Response 8.3: The visualization highlights the null distribution - what correlation values we would expect to see between balance and cards if there were truly no relationship between these variables.
## observed correlation
## save
corr_res <- customers_work_samp %>%
## specify relationship
specify(
# formula
balance ~ cards
) %>%
## calculate observed statistic
calculate(
# statistic
stat = "correlation"
)
## print
corr_res
### visualize the null distribution
### and observed statistic
## call data
customers_work_samp %>%
## specify relationship
specify(
# formula
balance ~ cards
) %>%
## null hypothesis
hypothesize(
# null
null = "independence"
) %>%
generate(
# repetitions
reps = 2000,
# type
type = "permute"
) %>%
calculate(
# statistic
stat = "correlation"
) %>%
## visualize null distribution
visualize() +
## add observed statistic
shade_p_value(
# observed result
corr_res,
# direction
direction = "two-sided"
) +
## labels
labs(
# x-axis
x = "Correlation",
# y-axis
y = "Count"
)
Perform these tasks.
First, create a plot to visualize the linear correlation by:
Second, calculate the effect size of the linear correlation.
Question 8.4: Answer these questions: (1) Examining the plot, do cards and balance display much of a relationship? (2) What does the r-squared calculation imply about the size of the relationship between cards and balance?
Response 8.4: (1) Since the blue line is relatively straight, it indicates a relatively linear relationship between cards and balance especially for those with two or more cards. (2) Since the r-squared of 0.0074747 is lower than 0.10, it represents a very weak relationship of variance between cards and balance.
### visualize correlation
## call function
ggplot(
## data
customers_work_samp,
## mapping
aes(x = cards, y = balance)
) +
## points
geom_point(alpha = 0.3, color = "red") +
## loess line
geom_smooth(method = "loess", se = FALSE, color = "blue", span = 0.9) +
## scale x-axis
scale_x_continuous(
# breaks
n.breaks = 8
) +
## scale y-axis
scale_y_continuous(
# breaks
n.breaks = 10
) +
## label axes
labs(x = "Cards", y = "Balance")
For this task, you will save objects you created.
Save the data object customers_work_samp as a data file named customers_work_samp.csv to the data folder of the project directory.
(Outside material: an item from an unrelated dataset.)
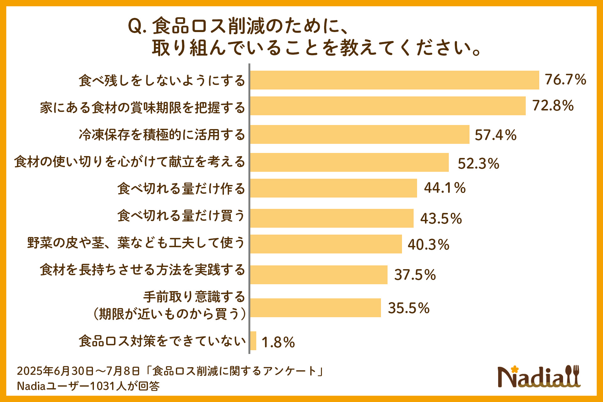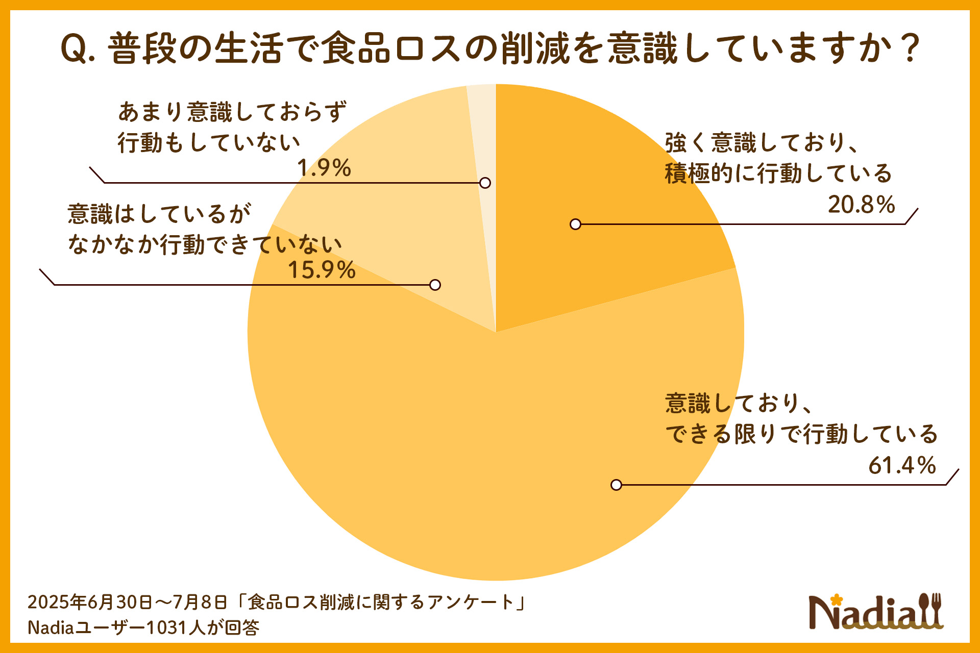 10月は「食品ロス削減月間」、10月30日は「食品ロス削減の日」です。日本の食品ロスは年間約464万トン(令和5年度)にのぼり、このうち約半数にあたる233万トンが家庭から発生していると推計されています(※1)。そこで、Nadiaで食ロス削減に関するユーザーアンケート(※2)を実施したところ、普段から食品ロス削減を「強く意識しており、積極的に行動している」「意識しており、できる限りで行動している」と回答した人は合わせて82.2%にのぼりました。

Use write_csv() and here() to accomplish this task.
Save the plot object limit_balance_plot as a file named limit_balance.png to the plots folder of the project directory. Use ggsave() and here() to accomplish this task.
For your last task, you will respond to conceptual questions.
Question 10.1: What are some common tasks for querying data?
Response 10.1: Some common tasks for querying data include filtering, grouping and summarizing,transforming variables, and joining data.
Question 10.2: Answer these two questions: (1) What information does a frequentist probability value from a null hypothesis test provide? (2) What information does an effect size calculation provide?
Response 10.2: (1) A frequentist probability value tells us the probability of observing our result if the null hypothesis were true. A low p-value (< 0.05) suggests strong evidence against the null hypothesis while a high p-value (≥ 0.05) suggests insufficient evidence to reject the null hypothesis. (2) The effect size helps us to understand the magnitude of the relationship/difference: how large or meaningful the observed relationship or difference is.
Question 10.3: Why is it important to write scripts for analytics?
Response 10.3: There are many great reasons why it is important to write scripts for analytics. Unlike non-script programs, scripts can be replicated exactly therefore they ensure scientific rigor. They also serve as evidence/complete record of the analytical processes that have been used and therefore are more transparent and accurate. They are great at reducing human transcription errors that occur when using point and click interfaces which makes them especially useful in handling larger data sets and therefore performing more complex analyses without forgetting steps or transcription mistakes.